--- WHAT THIS TASK INVOLVES ---
This task calls for every entry below to be repeated exactly, without the pictures.

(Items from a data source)
..............................

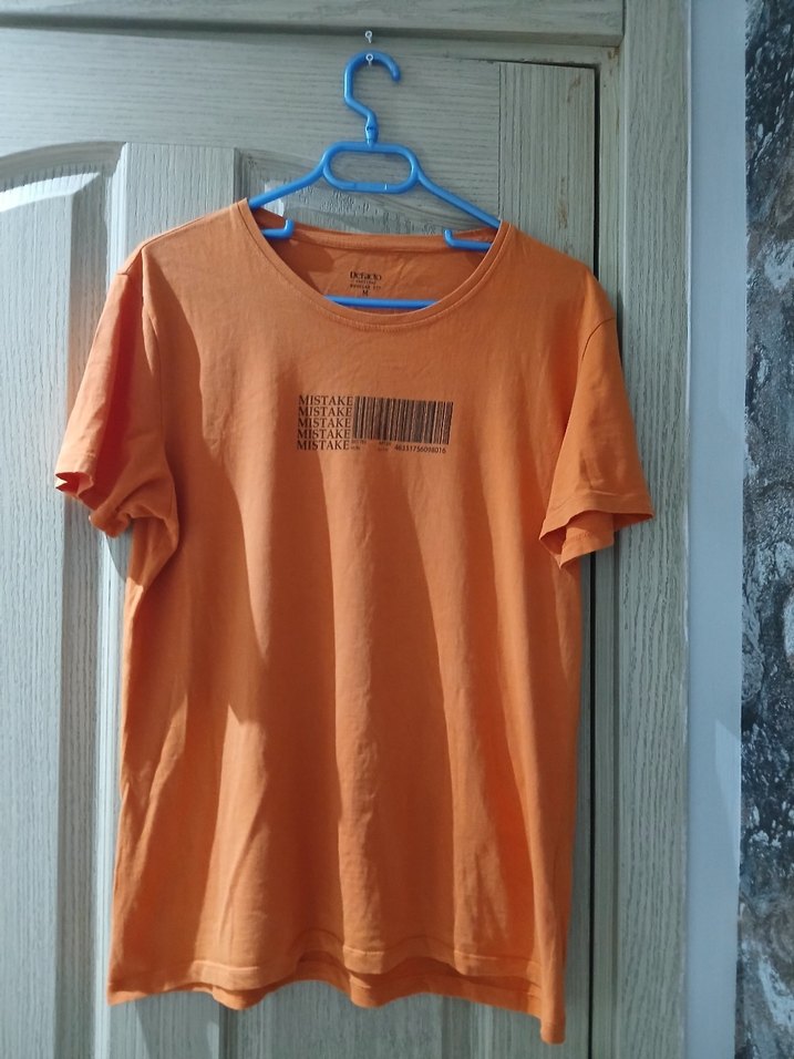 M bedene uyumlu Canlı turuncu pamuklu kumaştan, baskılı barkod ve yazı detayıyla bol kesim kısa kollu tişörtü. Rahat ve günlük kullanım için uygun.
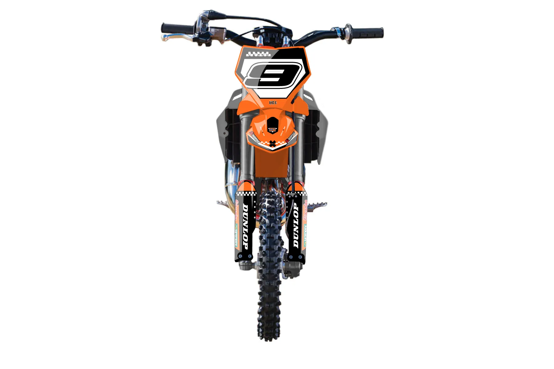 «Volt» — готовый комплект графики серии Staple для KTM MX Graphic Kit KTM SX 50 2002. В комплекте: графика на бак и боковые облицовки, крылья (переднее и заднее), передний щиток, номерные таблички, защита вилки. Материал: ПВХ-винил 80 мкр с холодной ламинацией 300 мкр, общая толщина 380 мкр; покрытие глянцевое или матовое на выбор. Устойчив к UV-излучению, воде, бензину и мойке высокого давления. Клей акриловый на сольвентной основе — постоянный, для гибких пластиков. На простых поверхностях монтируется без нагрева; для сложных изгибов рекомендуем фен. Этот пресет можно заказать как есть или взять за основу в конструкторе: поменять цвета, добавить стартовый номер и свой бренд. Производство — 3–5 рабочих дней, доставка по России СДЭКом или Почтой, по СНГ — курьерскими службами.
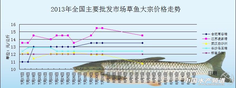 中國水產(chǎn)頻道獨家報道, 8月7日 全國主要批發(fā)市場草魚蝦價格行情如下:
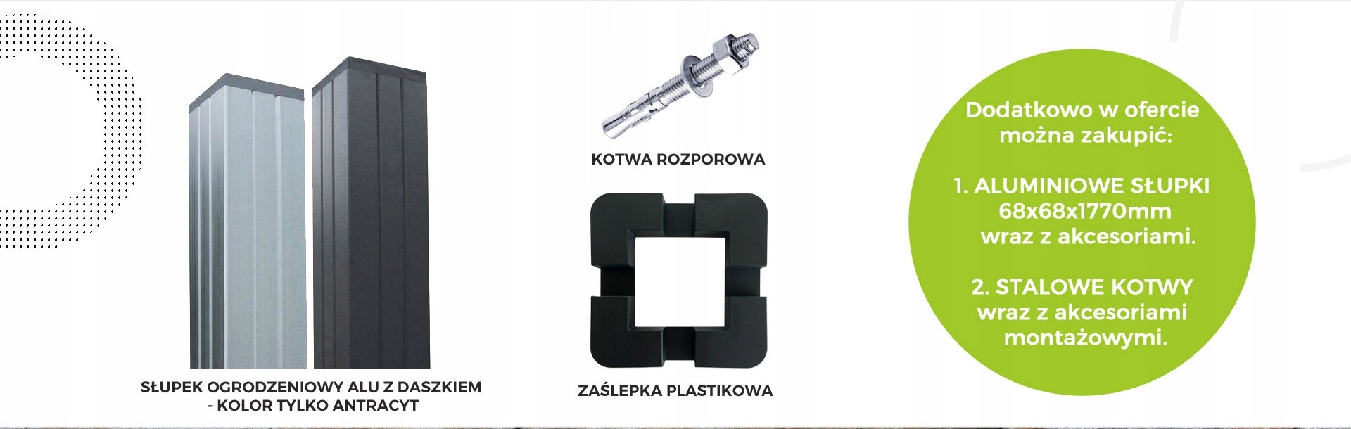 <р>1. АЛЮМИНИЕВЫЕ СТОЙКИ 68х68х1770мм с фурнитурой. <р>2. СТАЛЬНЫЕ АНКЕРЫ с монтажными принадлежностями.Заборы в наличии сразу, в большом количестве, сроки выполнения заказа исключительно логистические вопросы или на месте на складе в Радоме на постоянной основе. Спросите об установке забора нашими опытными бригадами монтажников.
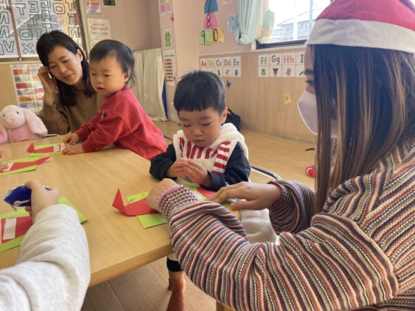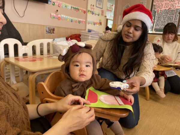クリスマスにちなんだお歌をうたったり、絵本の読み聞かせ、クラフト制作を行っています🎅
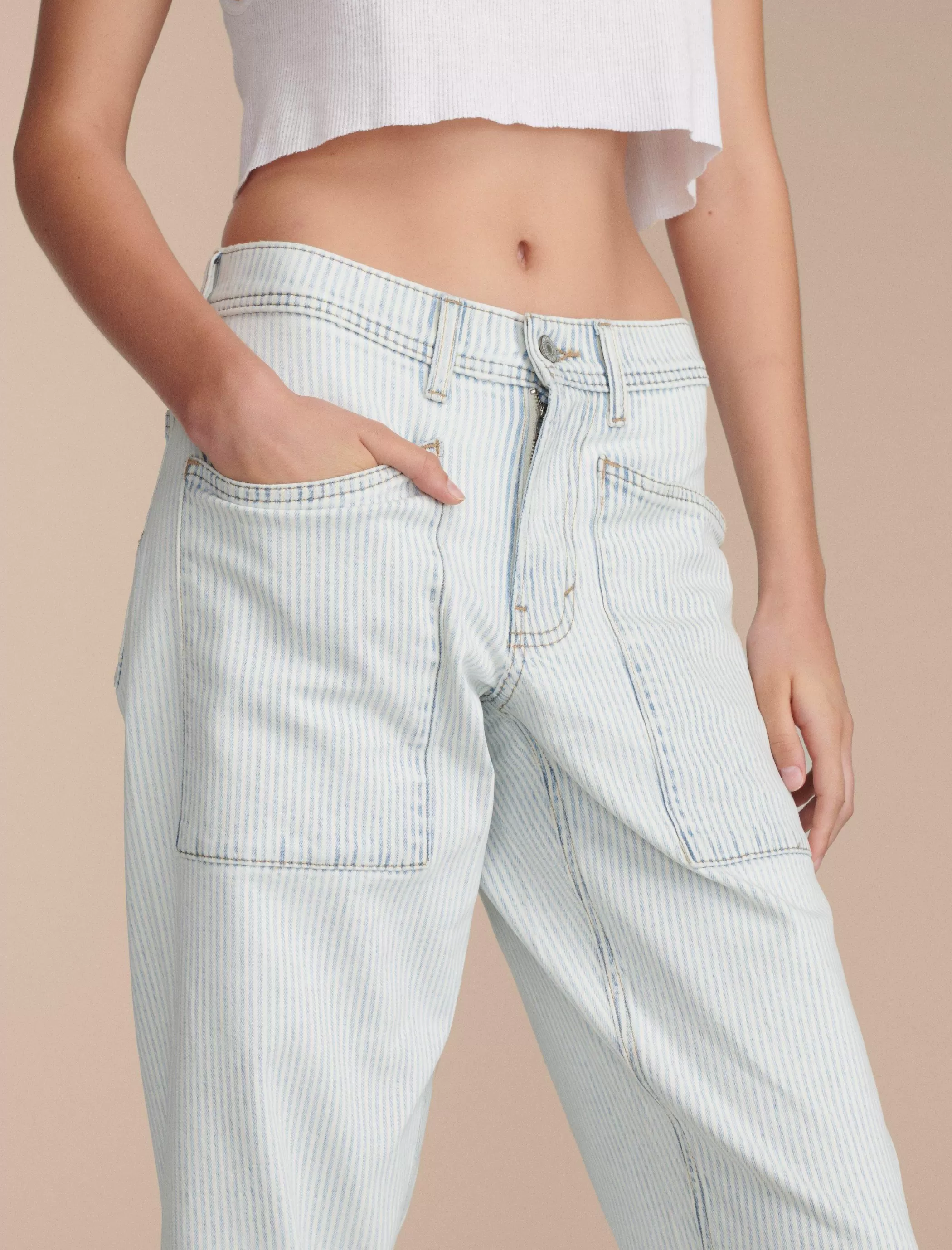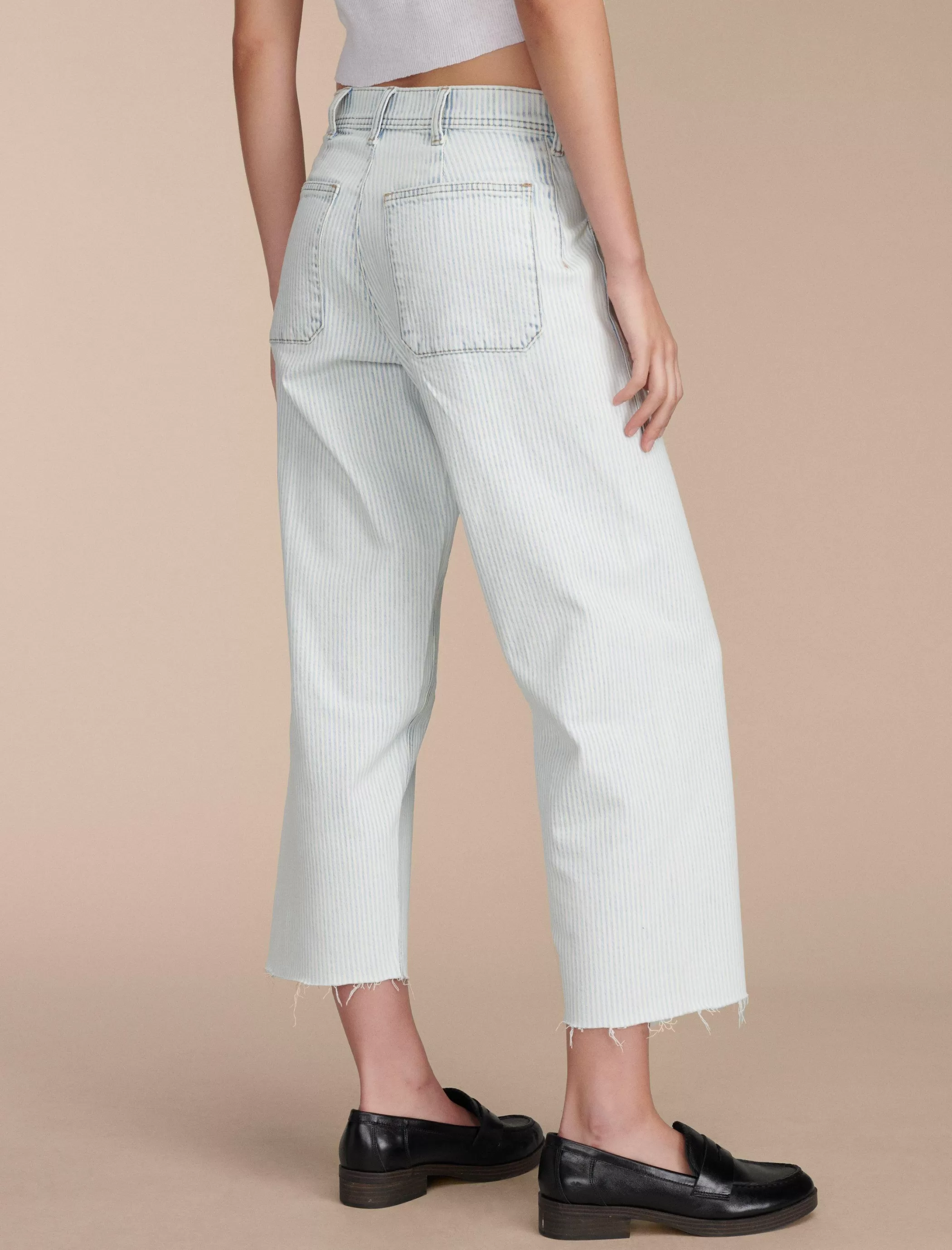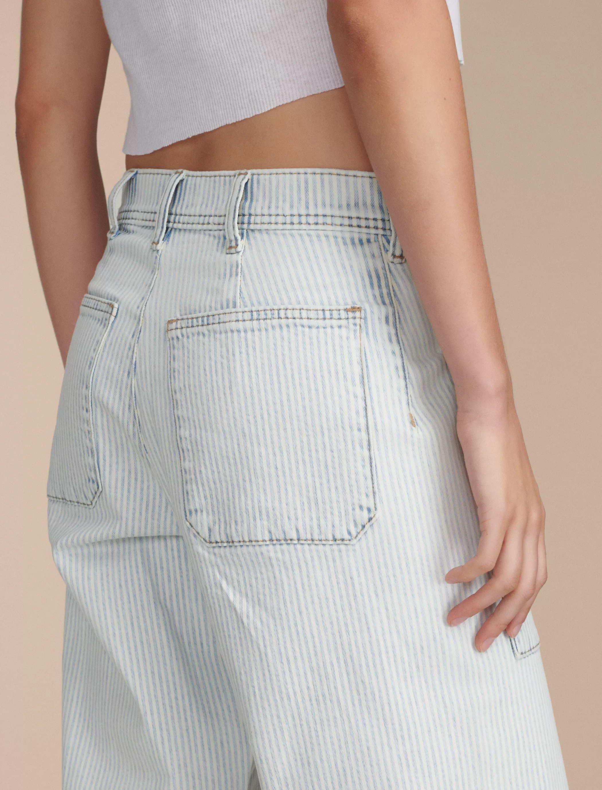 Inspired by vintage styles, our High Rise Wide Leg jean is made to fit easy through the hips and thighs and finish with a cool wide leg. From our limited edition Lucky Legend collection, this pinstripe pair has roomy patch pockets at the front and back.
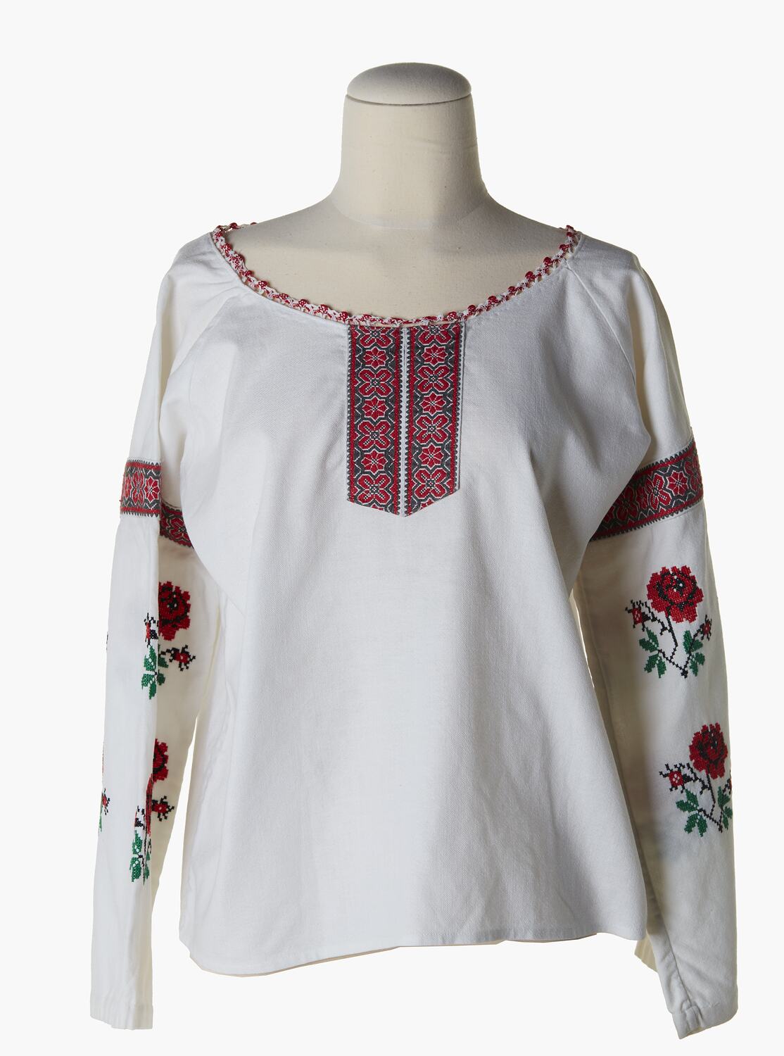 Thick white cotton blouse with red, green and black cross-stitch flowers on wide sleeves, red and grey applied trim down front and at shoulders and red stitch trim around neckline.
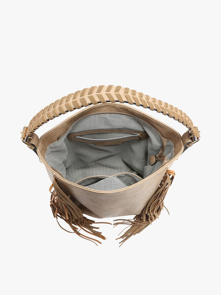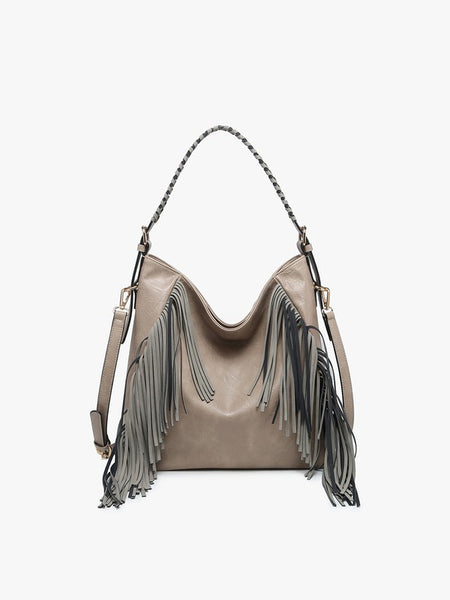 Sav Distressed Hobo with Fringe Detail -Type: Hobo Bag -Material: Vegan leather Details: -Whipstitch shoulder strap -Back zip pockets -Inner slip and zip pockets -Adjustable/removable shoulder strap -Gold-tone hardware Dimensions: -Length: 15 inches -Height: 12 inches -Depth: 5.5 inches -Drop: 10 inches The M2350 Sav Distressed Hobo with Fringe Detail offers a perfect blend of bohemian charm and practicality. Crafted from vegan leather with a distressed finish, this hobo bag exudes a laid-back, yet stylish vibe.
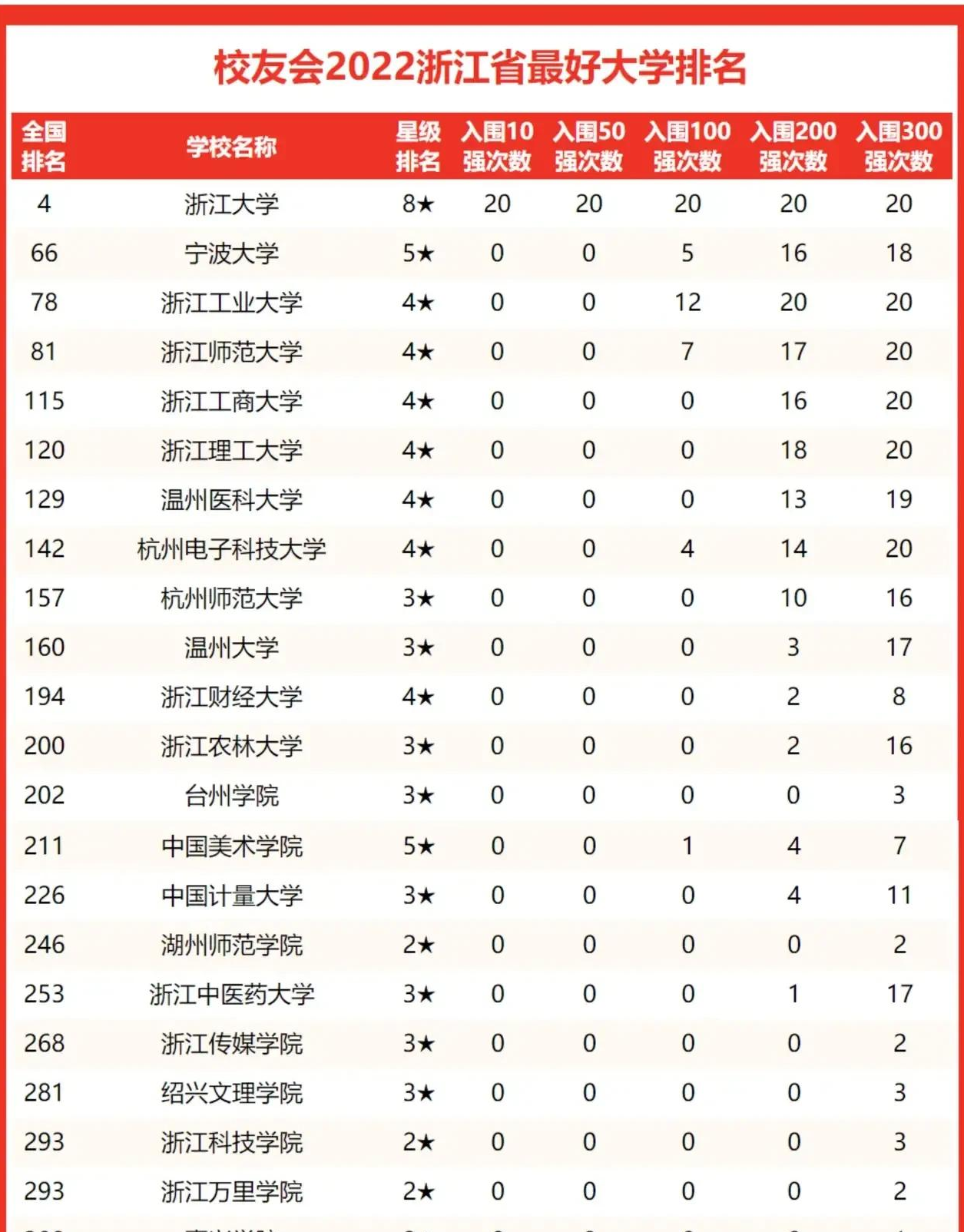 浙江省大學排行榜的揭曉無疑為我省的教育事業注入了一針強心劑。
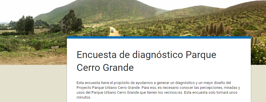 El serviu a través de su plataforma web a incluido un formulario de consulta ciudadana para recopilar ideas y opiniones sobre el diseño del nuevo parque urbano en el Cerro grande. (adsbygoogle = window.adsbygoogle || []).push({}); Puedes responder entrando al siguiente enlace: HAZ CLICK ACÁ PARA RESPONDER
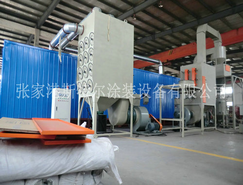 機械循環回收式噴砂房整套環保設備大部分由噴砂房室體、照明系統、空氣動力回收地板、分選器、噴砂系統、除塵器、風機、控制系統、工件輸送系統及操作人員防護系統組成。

..............................

--- COMPLETED EXERCISE ---
 M bedene uyumlu Canlı turuncu pamuklu kumaştan, baskılı barkod ve yazı detayıyla bol kesim kısa kollu tişörtü. Rahat ve günlük kullanım için uygun.
 «Volt» — готовый комплект графики серии Staple для KTM MX Graphic Kit KTM SX 50 2002. В комплекте: графика на бак и боковые облицовки, крылья (переднее и заднее), передний щиток, номерные таблички, защита вилки. Материал: ПВХ-винил 80 мкр с холодной ламинацией 300 мкр, общая толщина 380 мкр; покрытие глянцевое или матовое на выбор. Устойчив к UV-излучению, воде, бензину и мойке высокого давления. Клей акриловый на сольвентной основе — постоянный, для гибких пластиков. На простых поверхностях монтируется без нагрева; для сложных изгибов рекомендуем фен. Этот пресет можно заказать как есть или взять за основу в конструкторе: поменять цвета, добавить стартовый номер и свой бренд. Производство — 3–5 рабочих дней, доставка по России СДЭКом или Почтой, по СНГ — курьерскими службами.
 中國水產(chǎn)頻道獨家報道, 8月7日 全國主要批發(fā)市場草魚蝦價格行情如下:
 <р>1. АЛЮМИНИЕВЫЕ СТОЙКИ 68х68х1770мм с фурнитурой. <р>2. СТАЛЬНЫЕ АНКЕРЫ с монтажными принадлежностями.Заборы в наличии сразу, в большом количестве, сроки выполнения заказа исключительно логистические вопросы или на месте на складе в Радоме на постоянной основе. Спросите об установке забора нашими опытными бригадами монтажников.
クリスマスにちなんだお歌をうたったり、絵本の読み聞かせ、クラフト制作を行っています🎅
 Inspired by vintage styles, our High Rise Wide Leg jean is made to fit easy through the hips and thighs and finish with a cool wide leg. From our limited edition Lucky Legend collection, this pinstripe pair has roomy patch pockets at the front and back.
 Thick white cotton blouse with red, green and black cross-stitch flowers on wide sleeves, red and grey applied trim down front and at shoulders and red stitch trim around neckline.
 Sav Distressed Hobo with Fringe Detail -Type: Hobo Bag -Material: Vegan leather Details: -Whipstitch shoulder strap -Back zip pockets -Inner slip and zip pockets -Adjustable/removable shoulder strap -Gold-tone hardware Dimensions: -Length: 15 inches -Height: 12 inches -Depth: 5.5 inches -Drop: 10 inches The M2350 Sav Distressed Hobo with Fringe Detail offers a perfect blend of bohemian charm and practicality. Crafted from vegan leather with a distressed finish, this hobo bag exudes a laid-back, yet stylish vibe.
 浙江省大學排行榜的揭曉無疑為我省的教育事業注入了一針強心劑。
 El serviu a través de su plataforma web a incluido un formulario de consulta ciudadana para recopilar ideas y opiniones sobre el diseño del nuevo parque urbano en el Cerro grande. (adsbygoogle = window.adsbygoogle || []).push({}); Puedes responder entrando al siguiente enlace: HAZ CLICK ACÁ PARA RESPONDER
 機械循環回收式噴砂房整套環保設備大部分由噴砂房室體、照明系統、空氣動力回收地板、分選器、噴砂系統、除塵器、風機、控制系統、工件輸送系統及操作人員防護系統組成。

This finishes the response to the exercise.